Konzept 3: Zinsveränderungen

2-jährige Zinssätze unterliegen, da sie sich am kürzeren Ende befinden, einem stärkeren Einfluss durch die Geldpolitik. Die US-Notenbank hat die Zinsen angehoben, während die EZB zu verstehen gegeben hat, dass sie die Zinsen in einem Zeitraum von rund zwölf Monaten nicht anheben wird. Der US-Zins für Anleihen mit 2-jähriger Laufzeit hat seinen Renditevorteil im bisherigen Jahresverlauf 2018 gegenüber dem deutschen 2-Jahres-Zins von rund 2,5 Prozent auf 3,2 Prozent erweitert.

Die 10-jährigen Zinssätze werden, da sie sich am längeren Ende befinden, stärker von Inflations- und Wachstumserwartungen beeinflusst. Der US-Zins für Anleihen mit 10-jähriger Laufzeit hat seinen Renditevorteil im bisherigen Jahresverlauf 2018 gegenüber dem deutschen 10-Jahres-Zins von rund 2 Prozent auf rund 2,5 Prozent erweitert.

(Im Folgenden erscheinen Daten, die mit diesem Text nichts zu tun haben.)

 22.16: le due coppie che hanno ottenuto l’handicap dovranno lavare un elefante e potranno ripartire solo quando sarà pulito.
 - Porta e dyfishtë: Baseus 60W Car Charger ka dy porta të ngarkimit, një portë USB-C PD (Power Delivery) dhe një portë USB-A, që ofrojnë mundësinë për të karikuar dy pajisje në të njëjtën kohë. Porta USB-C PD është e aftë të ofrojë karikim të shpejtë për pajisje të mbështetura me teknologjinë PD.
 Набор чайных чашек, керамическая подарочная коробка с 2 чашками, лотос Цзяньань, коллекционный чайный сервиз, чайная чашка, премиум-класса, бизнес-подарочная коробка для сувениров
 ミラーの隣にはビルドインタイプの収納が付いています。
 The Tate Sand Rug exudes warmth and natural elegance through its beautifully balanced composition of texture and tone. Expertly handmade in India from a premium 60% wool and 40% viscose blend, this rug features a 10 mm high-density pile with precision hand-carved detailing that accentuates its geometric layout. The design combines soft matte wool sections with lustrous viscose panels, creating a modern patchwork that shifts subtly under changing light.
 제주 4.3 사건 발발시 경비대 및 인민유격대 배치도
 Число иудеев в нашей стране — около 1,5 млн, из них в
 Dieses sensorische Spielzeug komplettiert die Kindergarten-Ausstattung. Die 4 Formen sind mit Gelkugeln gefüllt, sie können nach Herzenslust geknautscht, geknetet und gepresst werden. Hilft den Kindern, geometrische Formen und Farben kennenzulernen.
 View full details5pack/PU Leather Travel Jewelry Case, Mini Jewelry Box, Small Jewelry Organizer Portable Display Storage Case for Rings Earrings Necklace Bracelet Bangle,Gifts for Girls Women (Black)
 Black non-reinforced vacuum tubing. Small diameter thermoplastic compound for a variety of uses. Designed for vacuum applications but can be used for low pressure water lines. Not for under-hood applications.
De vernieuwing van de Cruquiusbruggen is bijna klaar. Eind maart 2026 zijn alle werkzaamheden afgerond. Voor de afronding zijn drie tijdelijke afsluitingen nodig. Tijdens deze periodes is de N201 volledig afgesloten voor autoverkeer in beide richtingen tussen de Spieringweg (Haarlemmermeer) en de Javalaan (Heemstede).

In der Theorie bevorzugen globale Investoren höhere gegenüber niedrigeren Zinsen, was im weiteren Verlauf auf eine potenzielle Dollar-Aufwertung (Euro-Schwäche) hinweisen würde. Zusammenfassend haben wir also aktuell zwei Konzepte (Dynamik und Zinsen), die auf eine Euro-Abwertung hinweisen, kein Konzept, das auf eine Euro-Stärke hindeutet, und ein Konzept (Kaufkraftparität), das sich neutral verhält.

Fazit: Es ist wahrscheinlich, dass der Euro in der zweiten Jahreshälfte 2018 an Wert verlieren wird.